Requires-Dist: pandas (>=1.3,<2.0) ; extra == "training"
Requires-Dist: pydantic (>=1.9,<2.0)
Requires-Dist: the-spymaster-util[logging] (>=3.2,<4.0) ; extra == "training"
Requires-Dist: tqdm (>=4.62,<5.0) ; extra == "training"
Project-URL: Homepage, https://github.com/asaf-kali/generic-iterative-stemmer
Project-URL: Issues, https://github.com/asaf-kali/generic-iterative-stemmer/issues
Project-URL: Repository, https://github.com/asaf-kali/generic-iterative-stemmer
Description-Content-Type: text/markdown

# Word embedding: generic iterative stemmer

[![PyPI version](https://badge.fury.io/py/generic-iterative-stemmer.svg)](https://badge.fury.io/py/generic-iterative-stemmer)
[![Pipeline](https://github.com/asaf-kali/generic-iterative-stemmer/actions/workflows/pipeline.yml/badge.svg)](https://github.com/asaf-kali/generic-iterative-stemmer/actions/workflows/pipeline.yml)
[![codecov](https://codecov.io/github/asaf-kali/generic-iterative-stemmer/graph/badge.svg?token=HET5E8P1UK)](https://codecov.io/github/asaf-kali/generic-iterative-stemmer)
[![Ruff](https://img.shields.io/endpoint?url=https://raw.githubusercontent.com/astral-sh/ruff/main/assets/badge/v2.json)](https://github.com/astral-sh/ruff)
[![Code style: black](https://img.shields.io/badge/code%20style-black-111111.svg)](https://github.com/psf/black)
[![Imports: isort](https://img.shields.io/badge/imports-isort-%231674b1)](https://pycqa.github.io/isort/)
[![Type checked: mypy](https://img.shields.io/badge/type%20check-mypy-22aa11)](http://mypy-lang.org/)
[![Linting: pylint](https://img.shields.io/badge/linting-pylint-22aa11)](https://github.com/pylint-dev/pylint)

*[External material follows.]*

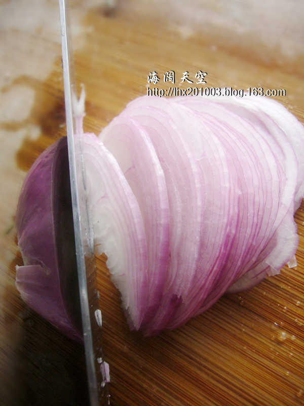 “東北人非常喜歡涼拌菜,炎熱的夏天就更喜歡做涼拌了。涼拌菜食材基本都是生的,所以最好的保留了蔬菜的營養與口感。看外國人基本都吃洋蔥,炒菜爆香也是洋蔥,而我們基本用的是大蔥、小香蔥爆香。洋蔥也叫圓蔥營養價值極高,洋蔥中含有蒜素與及硫化硒,能夠抑制癌症物質的合成,增強細胞活力,對高血壓、高血指、心腦血管病人會有保健作用。洋蔥有白皮、黃皮、紫皮三種,今天介紹這道《涼拌雪梨洋蔥》我用的是紫皮,紫皮洋蔥這三種營養最高的。而且我去超市看到紫色就買了紫色,涼拌最好用白色的比較不辣微甜。大家在做這道菜之前要將洋蔥切兩瓣放入冰箱冷藏室半小時,這樣減少洋蔥的辣味切時就決不會辣眼睛。”

A generic helper for training `gensim` and `fasttext` word embedding models.<br>
Specifically, this repository was created in order to
implement [stemming](https://en.wikipedia.org/wiki/Stemming)
on a Wikipedia-based corpus in Hebrew, but it will probably also work for other
corpus sources and languages as well.

**Important** to note that while there are sophisticated and efficient
approaches to the stemming task, this repository implements a naive approach
with no strict time or memory considerations (more about that in
the [explanation section](#generic-iterative-stemming)).

Based on https://github.com/liorshk/wordembedding-hebrew.

## Setup

1. Create a `python3` virtual environment.
2. Install dependencies using `make install` (this will run tests too).

## Usage

The general flow is as follows:

1. Get a text corpus (for example, from Wikipedia).
2. Create a training program.
3. Run a `StemmingTrainer`.

The output of the training process is a `generic_iterative_stemmer.models.StemmedKeyedVectors` object
(in the form of a `.kv` file). It has the same interface as the standard `gensim.models.KeyedVectors`,
so the 2 can be used interchangeably.

### 0. (Optional) Set up a language data cache

`generic_iterative_stemmer` uses a language data cache to store its output and intermediate results. \
The language data directory is useful if you want to train multiple models on the same corpus, or if you want to
train a model on a corpus that you've already trained on in the past, with different parameters.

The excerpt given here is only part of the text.